The Tiger Lion’s Cage –
Oskar Kokoschka and the image of the animal

Ein ausdrucksstarkes, farbenfrohes Gemälde eines Löwen mit grimmigem Ausdruck, der seine Zähne zeigt. Der Hintergrund ist dunkel und abstrakt, mit kräftigen Pinselstrichen und Andeutungen anderer Tiere und Formen.

Oskar Kokoschka, Tigerlöwe, 1926, Belvedere, Wien

In the early morning, before the zoo was open, Oskar Kokoschka was already waiting at the bars of the cage, easel at the ready. Everything was quiet.
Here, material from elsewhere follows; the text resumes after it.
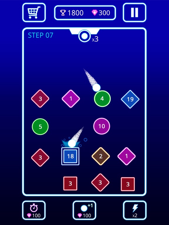 Drop the balls at the top of the screen, and make them bounce on as many blocks as you can. Every bounce on a block will decrase its lifes number and when it reach 0, it explodes.
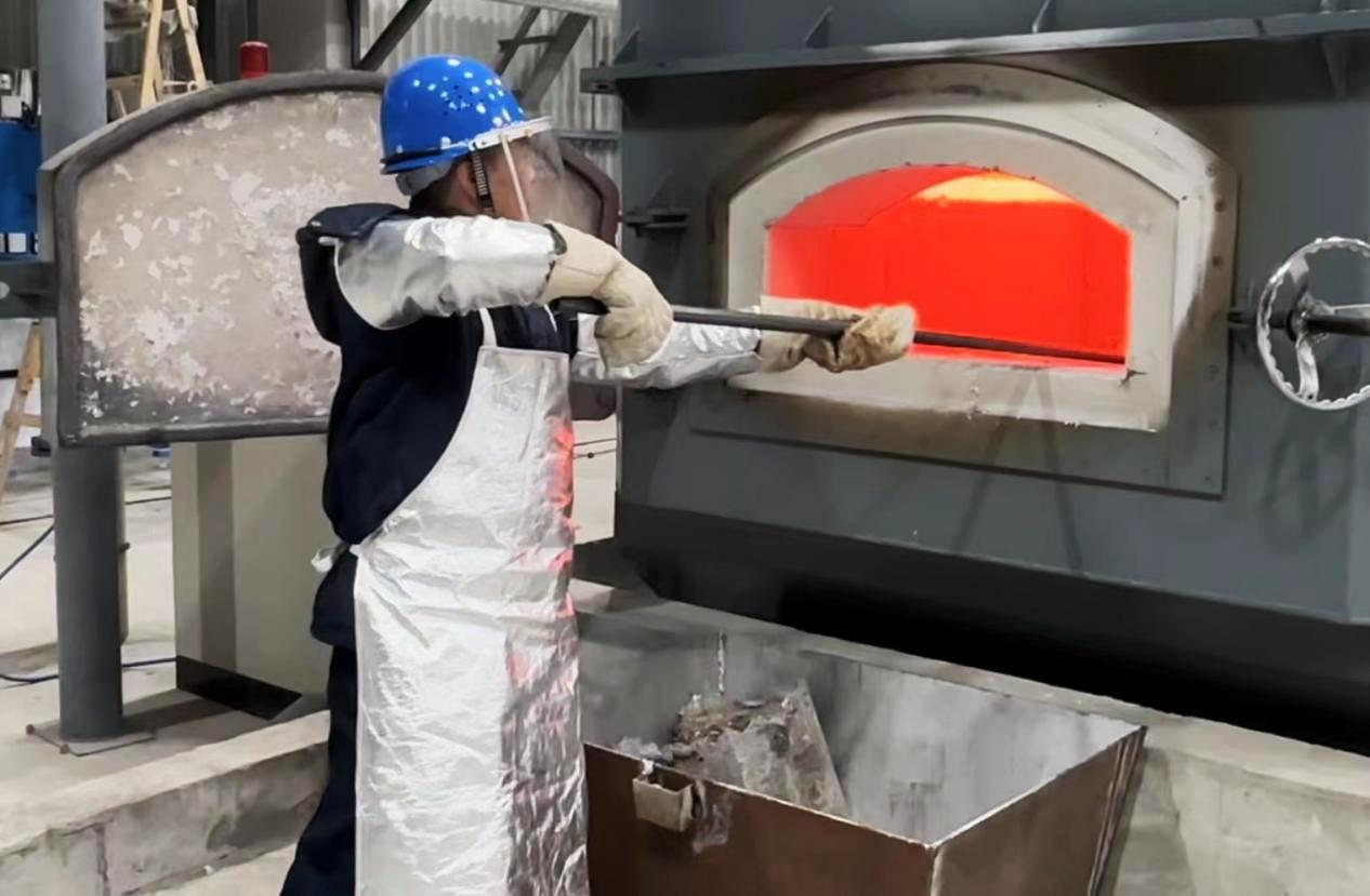 中試鑄造生產線工作人員正在進行清渣作業(yè)

Suddenly, a yellow shadow burst out of the darkness – a leap, a snarl, a glare. The Tiger Lion hurled itself against the bars. For Kokoschka, a moment of absolute presence and an encounter of colour, form and energy that etched itself onto his painting.

JESSICA KEILHOLZ-BUSCH
A hybrid creature as a sensation

In the 1920s, the main attraction at Regent’s Park Zoo in London was a Tiger Lion – a cross between a tiger and a lion. Simultaneously familiar and alien, the animal united two of the most awe-inspiring big cats in one body. Kokoschka was fascinated by the hybrid creature. He applied for a special artist’s permit and was allowed to approach within a few metres of the cage. He described the animal springing towards him out of the darkness »like a yellow missile of flame«1 as if to tear him to pieces. The painting captures that confrontation.

 

Wildness as imagery

Kokoschka’s Tigerlöwe crackles with tension between the big cat and the viewer. The animal’s head takes up most of the picture, with its gaping mouth and fixed stare. Far from being in captivity, it seems to be on the point of breaking free. The colours and lines are raw, almost erupting from the canvas. The painting is not a naturalistic portrait, but an emotional statement, an explosion of wildness.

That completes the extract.